Many PSU failures are load-dependent. A unit can pass all basic tests at idle but sag or shut down when your GPU spools up during a game or render.

To stress-test your PSU under realistic conditions:

• Run Prime95 (CPU load) and FurMark (GPU load) simultaneously
• Monitor voltages in real time with HWiNFO64 during the stress test
• Watch for voltage drops, system instability, or unexpected shutdowns

A PSU that holds voltages within spec at idle but shows significant sag under full load is a PSU that may need replacing — even if it "passed" simpler tests.

Factors That Affect What You'll Find

How you interpret your results depends on several variables unique to your setup:

• PSU age and brand tier — a five-year-old unit from a budget brand degrades differently than a newer unit from an established manufacturer
• Total system wattage draw — a PSU running near its rated capacity ages faster and shows stress sooner
• Ambient temperature and airflow — poor case airflow accelerates PSU degradation
• Modular vs. non-modular design — doesn't affect testing method, but affects connector access
• 80 PLUS certification tier — higher efficiency ratings generally correlate with better voltage regulation, though not always

When Software Says One Thing and a Multimeter Says Another

Trust the multimeter. Motherboard sensor chips are designed for general monitoring, not precision measurement. If your software shows a 12V rail reading 11.2V but your multimeter reads 11.8V, the multimeter is almost certainly closer to reality.

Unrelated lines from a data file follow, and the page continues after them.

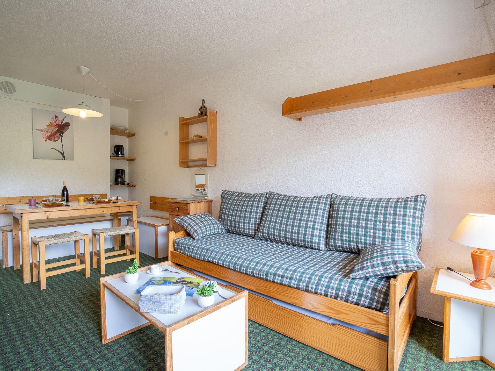 1-room apartment 28 m2 on 8th floor, south facing position. Simple furnishings: living/dining room with 1 pull-out bed (2 pers. 2 x 80 cm, length 190 cm), TV (flat screen). Exit to the balcony, south facing position. Alcove with 1 x 2 bunk beds (80 cm, length 190 cm). Kitchenette (2 hot plates, oven, toaster, kettle, microwave, electric coffee machine). Bathroom, sep. WC. Electric heating. Carpet. Balcony 4 m2, south facing position. Balcony furniture. View of the ski run. Facilities: hair dryer. Internet (WiFi, extra). Please note: maximum 1 pet/ dog allowed. Smoke alarm. Instead of an enclosed bedroom, some sleeping areas are located in an open-plan area (gallery, alcove, etc.). Offer by a private individual according to Art. 155, IV of CGI.
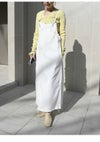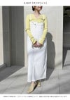 [S]着丈105cm(肩紐下)身幅50cm ヒップ110cm 裾幅64cm スリット丈28cm [L]着丈116cm(肩紐下)身幅50cm ヒップ113cm 裾幅64cm スリット丈38cm ※実寸値のため多少の誤差はご容赦ください
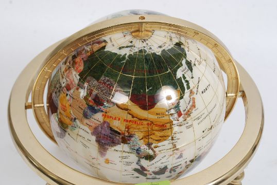 A Lapis Lazuli inlaid brass desk top revolving globe. Detailed globe set within pivot brass stand W33cm
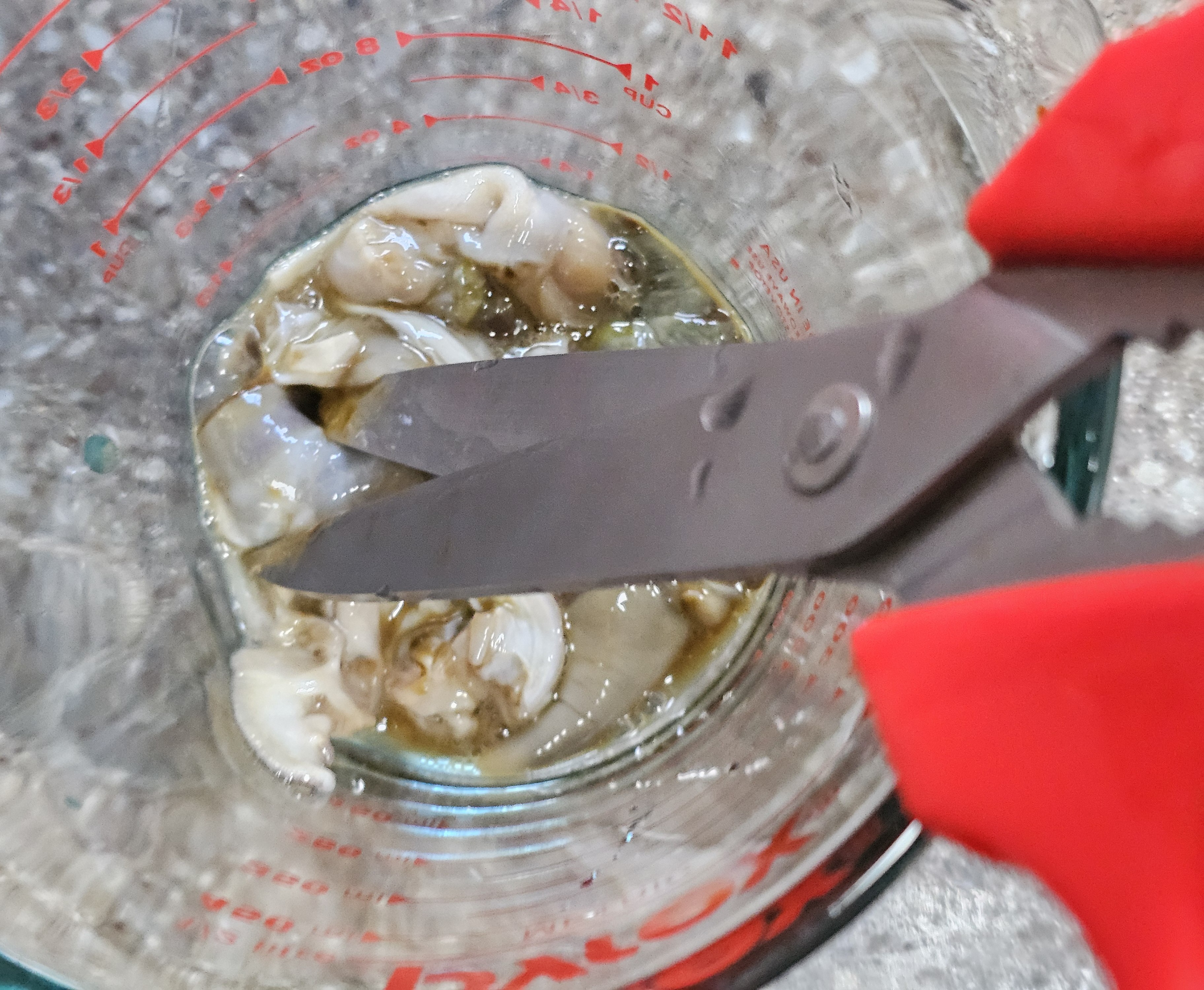 가위로 잘라내세요. 전복 내장 끝부분에 볼록하게 튀어나온 모래주머니도 잘라내면

That said, if both tools agree that voltages are out of spec, that's a much stronger signal. 🔍

What the Tests Won't Tell You

No single test gives you the complete picture. A PSU can pass the paperclip test, show reasonable voltages at idle, and still fail catastrophically under a sustained load — especially if the capacitors are aging (a common failure mode in older units). Capacitor degradation typically shows up as instability, ripple on the voltage lines, and poor performance under load rather than clean pass/fail behavior.

This is why the combination of methods — basic power-on check, voltage measurement, and load testing — gives you the most complete view. Which combination makes sense for your situation depends on what symptoms you're seeing, what tools you have access to, and how much of the diagnostic you're comfortable doing yourself.